* What needs to be done
Pictures stay out of the copy; set down each line of the listing below exactly.

* Given material
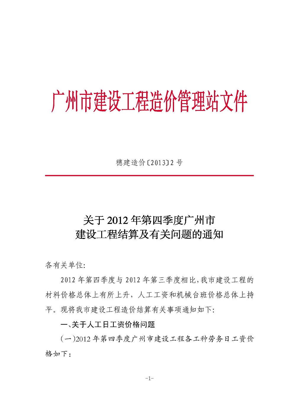 【结算文】关于2012年第四季度广州市建设工程结算及有关问题的通知
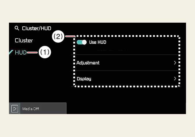 After turning on the head-up display, you can change the settings of Display Control and Content Selection of the Head-Up Display.
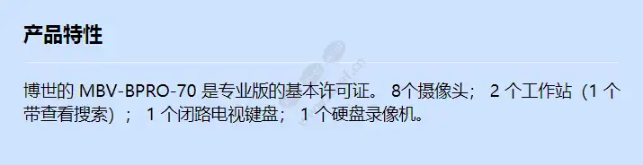 博世的 MBV-BPRO-70 是专业版的基本许可证。 8个摄像头; 2 个工作站(1 个带查看搜索); 1 个闭路电视键盘; 1 个硬盘录像机。
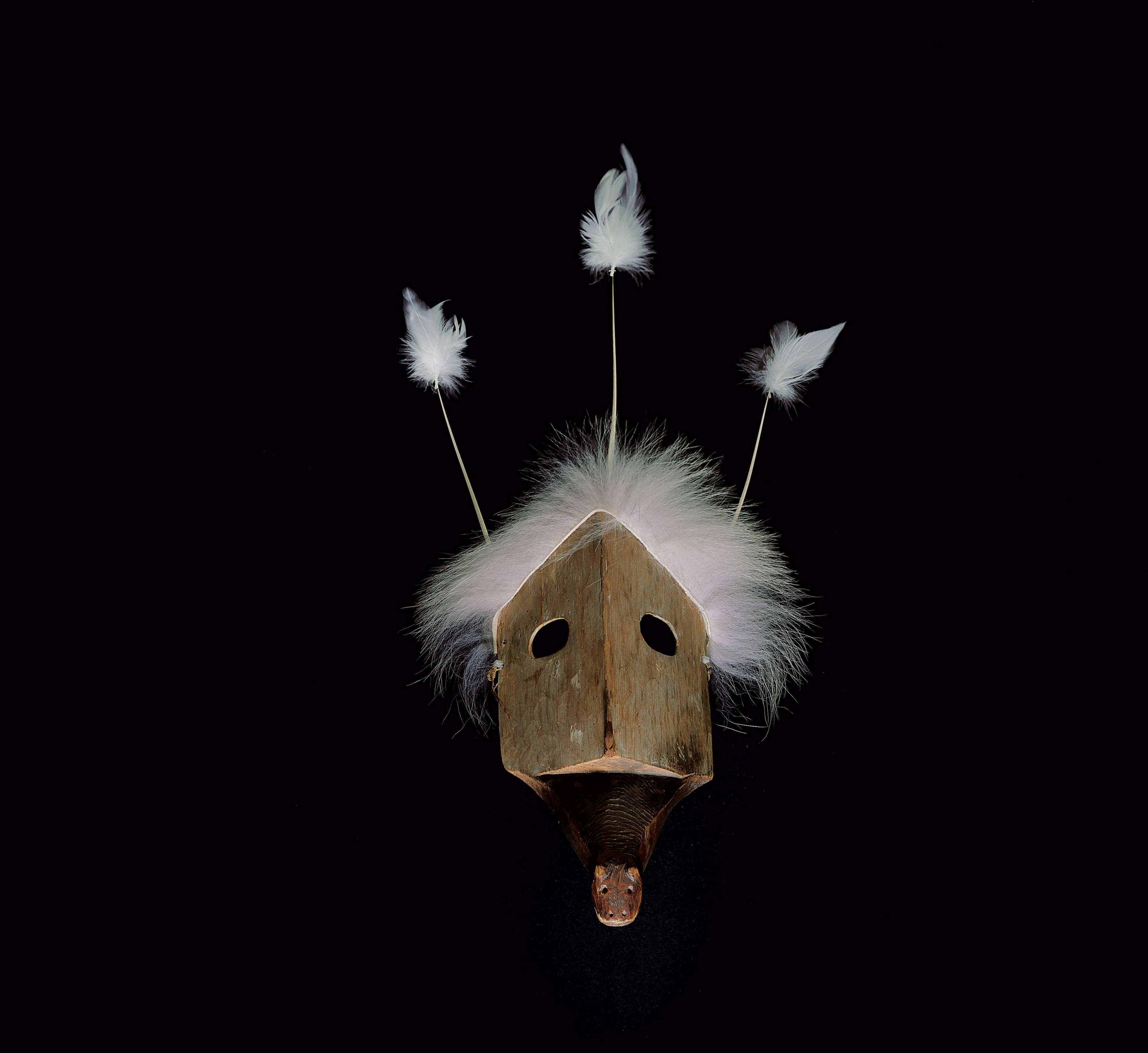 Label TextThis oval shape of the eye on this mask is associated with the oval entryway in the floor of the Central Yup’ik men’s meeting house. The flat surface surrounding the eye therefore relates to the floor of the meeting hall where dances are performed. The animal image at the base could possibly represent a sea otter.ProvenanceF. Rolin and Co., Inc., New York City; Andre Nasser, New York City

* Task result
 【结算文】关于2012年第四季度广州市建设工程结算及有关问题的通知
 After turning on the head-up display, you can change the settings of Display Control and Content Selection of the Head-Up Display.
 博世的 MBV-BPRO-70 是专业版的基本许可证。 8个摄像头; 2 个工作站(1 个带查看搜索); 1 个闭路电视键盘; 1 个硬盘录像机。
 Label TextThis oval shape of the eye on this mask is associated with the oval entryway in the floor of the Central Yup’ik men’s meeting house. The flat surface surrounding the eye therefore relates to the floor of the meeting hall where dances are performed. The animal image at the base could possibly represent a sea otter.ProvenanceF. Rolin and Co., Inc., New York City; Andre Nasser, New York City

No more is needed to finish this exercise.